* _TASK PROMPT_
The answer should hold every line of the listing, unchanged and free of images.

* _COLLECTED MATERIAL_

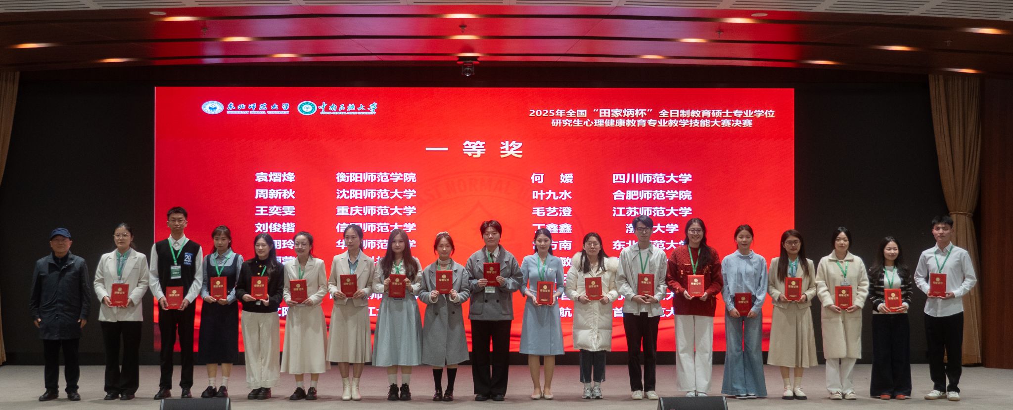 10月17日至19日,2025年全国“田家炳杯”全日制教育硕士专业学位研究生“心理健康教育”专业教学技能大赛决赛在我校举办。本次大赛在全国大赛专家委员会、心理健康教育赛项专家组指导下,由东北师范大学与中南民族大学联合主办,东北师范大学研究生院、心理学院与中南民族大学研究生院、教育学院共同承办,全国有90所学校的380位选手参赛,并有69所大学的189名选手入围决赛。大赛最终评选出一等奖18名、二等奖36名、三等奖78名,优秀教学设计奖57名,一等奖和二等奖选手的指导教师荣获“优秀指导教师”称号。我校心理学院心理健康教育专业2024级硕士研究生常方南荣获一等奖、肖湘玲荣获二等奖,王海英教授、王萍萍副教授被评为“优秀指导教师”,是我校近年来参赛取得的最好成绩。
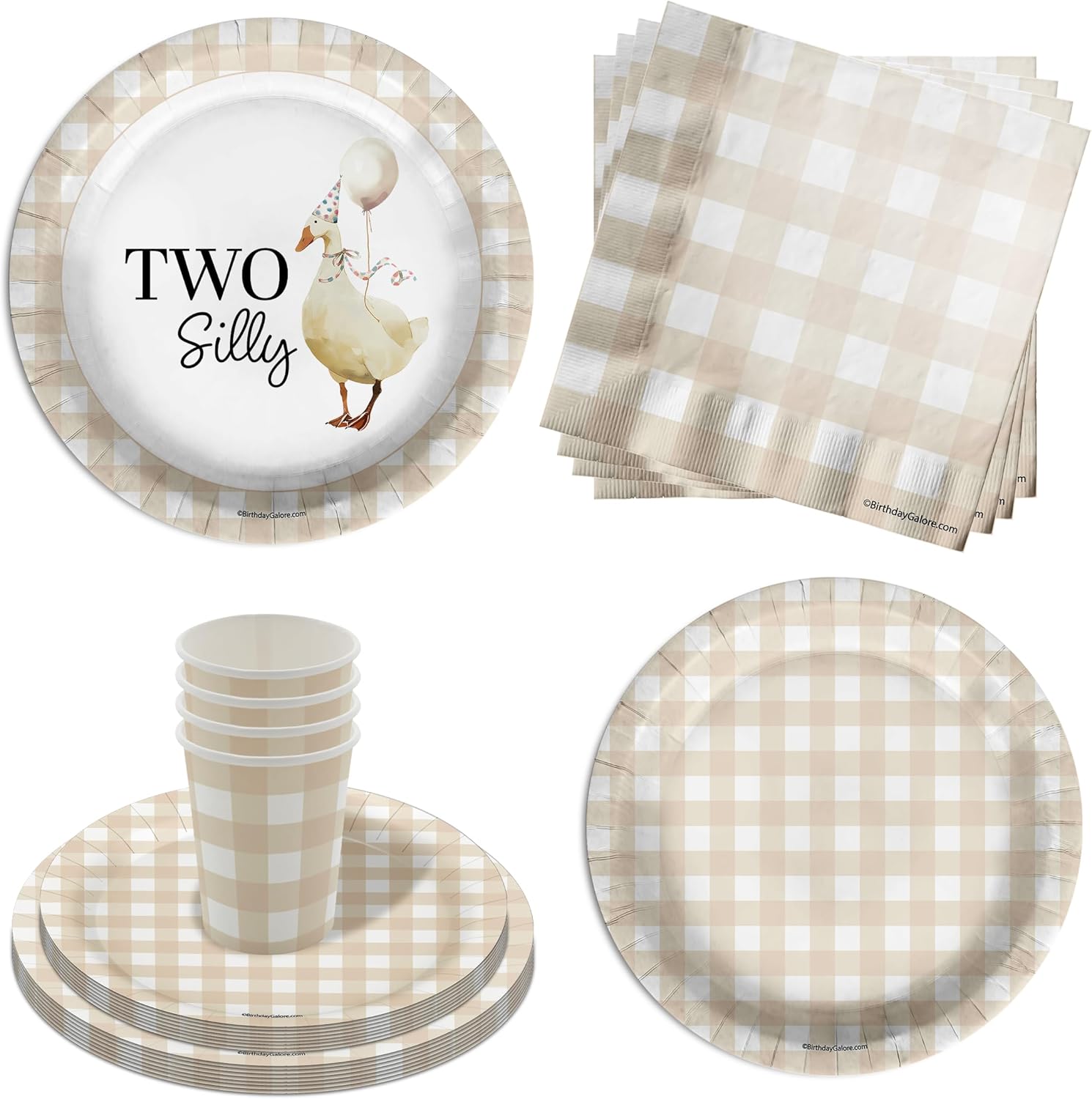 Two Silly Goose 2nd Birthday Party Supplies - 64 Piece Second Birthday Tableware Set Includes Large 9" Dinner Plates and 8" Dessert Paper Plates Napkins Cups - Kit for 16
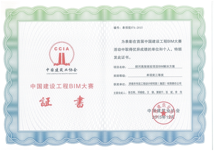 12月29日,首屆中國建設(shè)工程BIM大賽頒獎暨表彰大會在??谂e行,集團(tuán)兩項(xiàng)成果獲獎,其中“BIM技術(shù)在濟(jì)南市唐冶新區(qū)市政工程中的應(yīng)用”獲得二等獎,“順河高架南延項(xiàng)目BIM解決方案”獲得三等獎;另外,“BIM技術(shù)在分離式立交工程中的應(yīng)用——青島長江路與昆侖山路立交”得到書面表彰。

* _REPLY TO THE TASK_
 10月17日至19日,2025年全国“田家炳杯”全日制教育硕士专业学位研究生“心理健康教育”专业教学技能大赛决赛在我校举办。本次大赛在全国大赛专家委员会、心理健康教育赛项专家组指导下,由东北师范大学与中南民族大学联合主办,东北师范大学研究生院、心理学院与中南民族大学研究生院、教育学院共同承办,全国有90所学校的380位选手参赛,并有69所大学的189名选手入围决赛。大赛最终评选出一等奖18名、二等奖36名、三等奖78名,优秀教学设计奖57名,一等奖和二等奖选手的指导教师荣获“优秀指导教师”称号。我校心理学院心理健康教育专业2024级硕士研究生常方南荣获一等奖、肖湘玲荣获二等奖,王海英教授、王萍萍副教授被评为“优秀指导教师”,是我校近年来参赛取得的最好成绩。
 Two Silly Goose 2nd Birthday Party Supplies - 64 Piece Second Birthday Tableware Set Includes Large 9" Dinner Plates and 8" Dessert Paper Plates Napkins Cups - Kit for 16
 12月29日,首屆中國建設(shè)工程BIM大賽頒獎暨表彰大會在??谂e行,集團(tuán)兩項(xiàng)成果獲獎,其中“BIM技術(shù)在濟(jì)南市唐冶新區(qū)市政工程中的應(yīng)用”獲得二等獎,“順河高架南延項(xiàng)目BIM解決方案”獲得三等獎;另外,“BIM技術(shù)在分離式立交工程中的應(yīng)用——青島長江路與昆侖山路立交”得到書面表彰。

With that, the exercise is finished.